* [Exercise details] With the pictures left out, set down the line containing "Paris Jackson thể" and each line after it to the end of the material, exactly as written.

* [Available data]
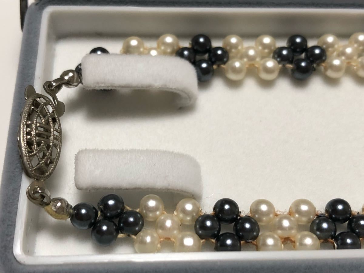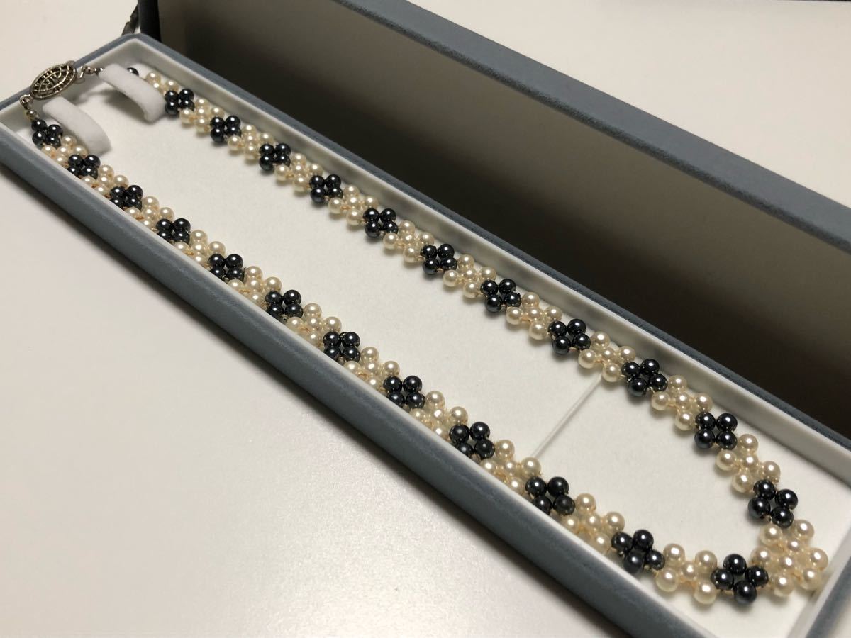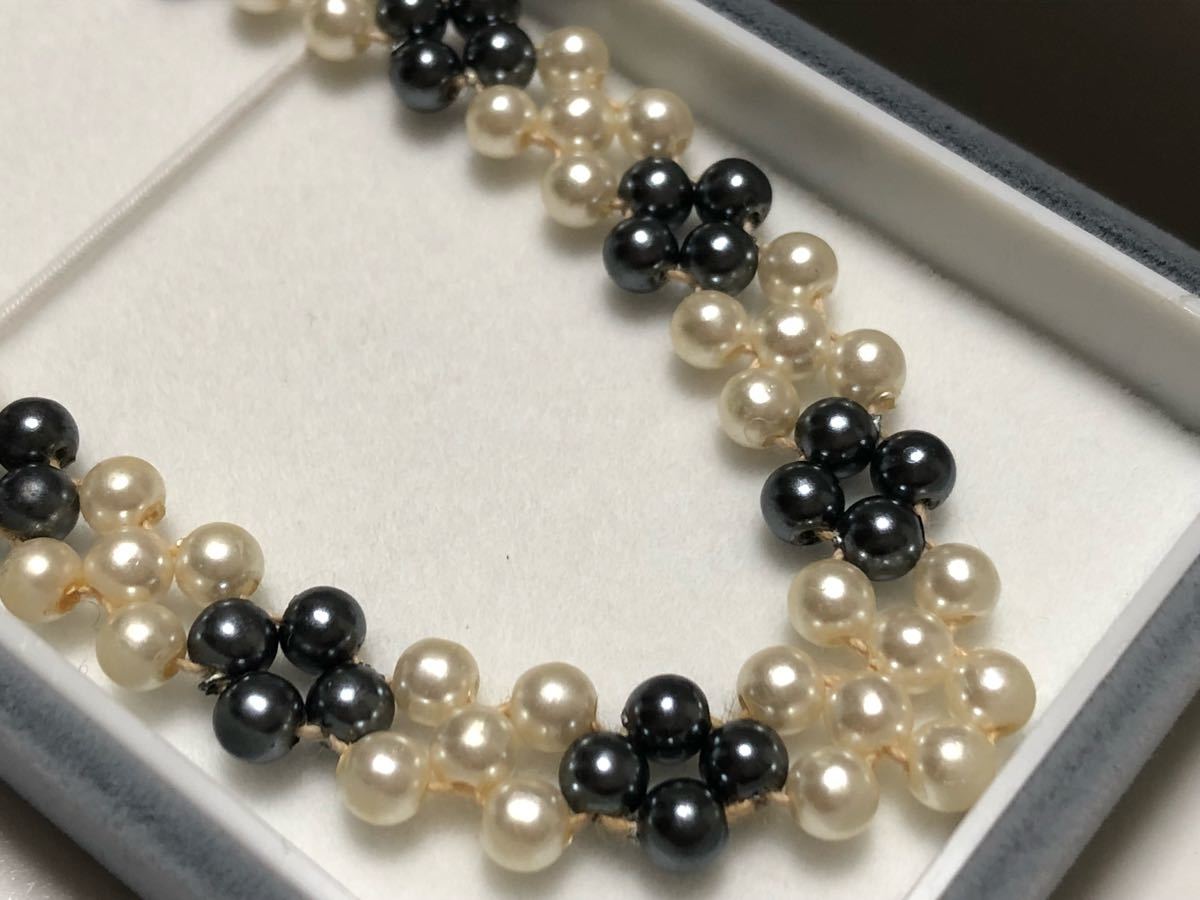 4㎜玉のフェイクパールを使用した、ツーカラーの連玉ネックレスです。
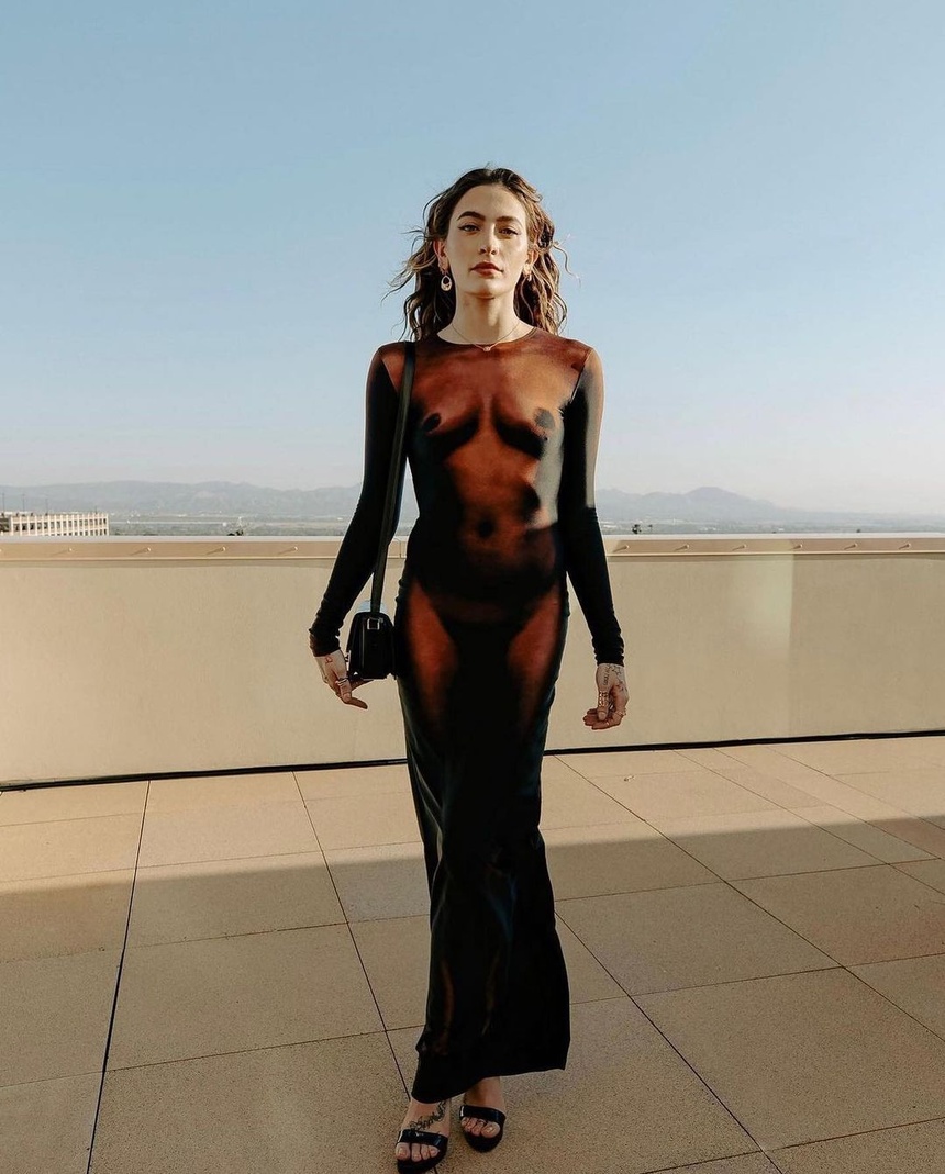 Paris Jackson thể hiện vẻ đẹp quyến rũ, gợi cảm trong thiết kế in hình cơ thể phụ nữ. Ảnh: @Janetmandell.
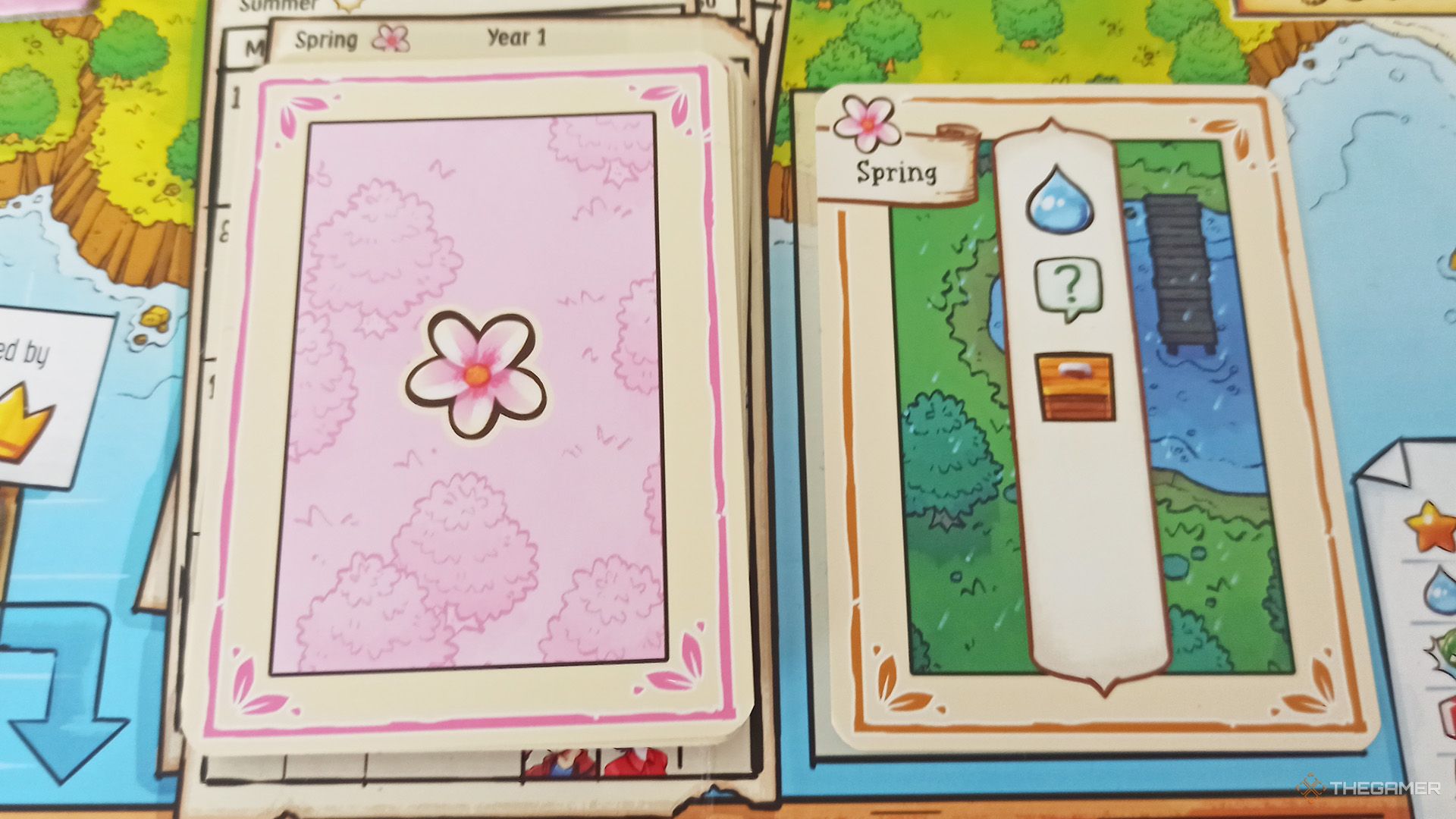 forageableおよびツリータイルは季節ごとに色分けされています。セットアップにはスプリングタイル(ピンクの背景)のみを使用します。それらをシャッフルします各採餌スポットに1つの対面タイルをランダムに配置します(合計11)。ツリータイルの場合、スプリングタイルをシャッフルしますランダムに葉を上に置きますボード上のすべてのツリースポットに。後で使用するために残りのタイルを脇に置いてください。

* [Finished task]
 Paris Jackson thể hiện vẻ đẹp quyến rũ, gợi cảm trong thiết kế in hình cơ thể phụ nữ. Ảnh: @Janetmandell.
 forageableおよびツリータイルは季節ごとに色分けされています。セットアップにはスプリングタイル(ピンクの背景)のみを使用します。それらをシャッフルします各採餌スポットに1つの対面タイルをランダムに配置します(合計11)。ツリータイルの場合、スプリングタイルをシャッフルしますランダムに葉を上に置きますボード上のすべてのツリースポットに。後で使用するために残りのタイルを脇に置いてください。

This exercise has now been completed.